Traditions of humanistic thought and activism, and traditions of scientific investigation and practice, admit of such variation across time and place that it can be a dizzying task to grapple with one or the other let alone both together. That said, understanding at least some of the many, deep connections between these richly varied traditions seems crucial if we are to think well – perceptively and wisely – about how we may hope to connect them today and in the future. It is not hyperbolic, I think, to suggest that humanistic aspirations for the dignity and well-being of persons and the very integrity of the world in which we live have never been more intimately connected to the nature and consequences, whether intended or unintended, of our science and technology. This book is an attempt to illuminate a number of striking relationships between humanistic thought and science – and to help us consider the promise and challenges inherent in the foremost ambition of contemporary humanism for science: that it may serve to improve the human condition, broadly conceived.

Described this way, the project of this volume could easily have been a massive undertaking, encompassing a detailed intellectual history spanning millennia concerning the development of humanism, science, and relationships between the two. Our goal, though, has not been to write the encyclopedia this suggests but, more modestly, to motivate something of a philosophical agenda. It is fair to say that while issues relating to science and humanism pervade the history of ideas, the topic itself has been for the most part neglected in recent years and in contemporary discussions of science and society, even while the inhabitants of our planet are beset by mounting challenges on a global scale. Given the importance this suggests of a return to thinking about connections between humanist aspirations and scientific practice, and before describing more concretely some of the seeds we are attempting to sow here, let me make two further, preparatory remarks – one about reading the book, and another about the partiality of what we have been able to tackle.
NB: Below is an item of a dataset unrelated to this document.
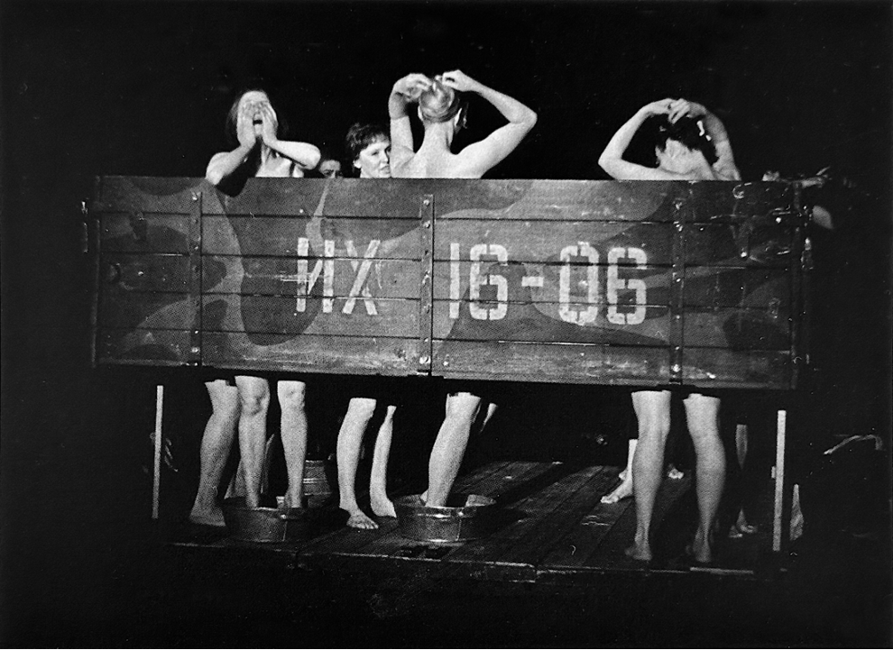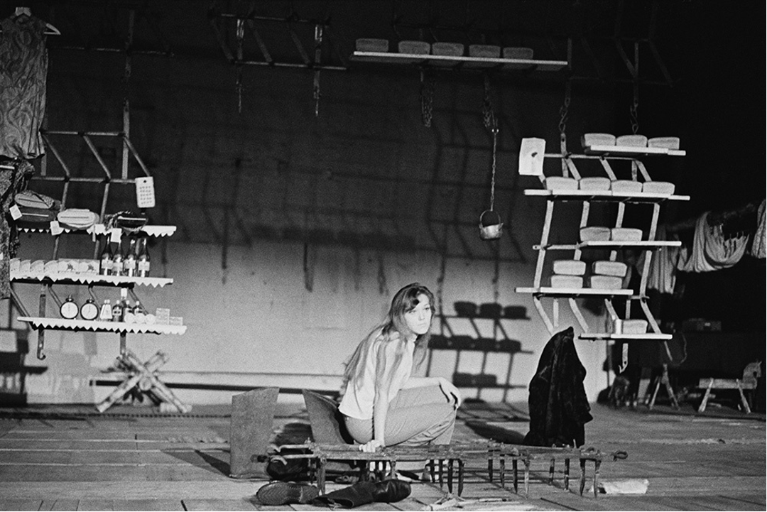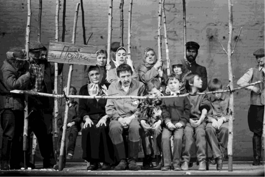 《木马》这部戏反映了三代年龄不同的农村妇女的生活,最终是个悲剧。为了筹备这部剧,父亲特地去了一趟俄罗斯北方的农村,他们带了很多伏特加,用酒跟当地农民换了很多农具。这些农具被运回莫斯科,并成为舞台上的布景。舞台上最重要的布景元素是犁耙,它既可以成为货架,进行售卖;又因为有尖尖的齿,特别像一个中世纪的刑具。

First, then, who are these essays for? We have tried to make them accessible to a wide audience. While we hope and expect that philosophers, scientists, historians, and other scholars will be interested – after all, the discussions here range over the philosophy of science (and values), the history of philosophy and science, ethical, social, and political matters, and the history of ideas – we also hope to reach people beyond the academy. Granted, the ease with which these chapters may be read will, of course, vary somewhat with one’s background interests and willingness to look up the occasional, unfamiliar term, but we have tried to avoid excessive jargon and to explain more technical ideas where they are helpful. It is worth noting the reason for this, I think: To the extent that we as a species share a collective interest in making this world a better one, it is incumbent on us, in as many ways as we can, to bring experts and nonexperts together to think about how we are going to proceed, collectively, and nowhere is this more urgent than in the domain of science and humanism.

Even with the best of intentions, though, we have only scratched the surface of the many topics that could easily fall within the remit of our title. As already noted, the subject matter is spatiotemporally immense, and we have done our best to sample some key parts of it. Furthermore, since no one is an expert in everything, some chapters focus more centrally on humanism, some more centrally on science, and some more centrally on issues crucial to understanding relations between the two. In other words, not all of these chapters engage in equal measure with all of these things; and yet, together, they are all pieces of the larger puzzle of science and humanism. With this in mind, I hope this book will be read as I envisioned it, optimistically, as something intended to be greater than the sum of its parts: While readers should certainly feel free to zero in on bits and pieces of it, the volume as a whole asks us, I hope – readers and authors alike – to think about how the larger picture fits together, or should fit together. No one chapter can do this, but each one is poised to help, and to this end I believe we have put a good deal on the table, and have wedged open some doors to further questions, discussions, and answers.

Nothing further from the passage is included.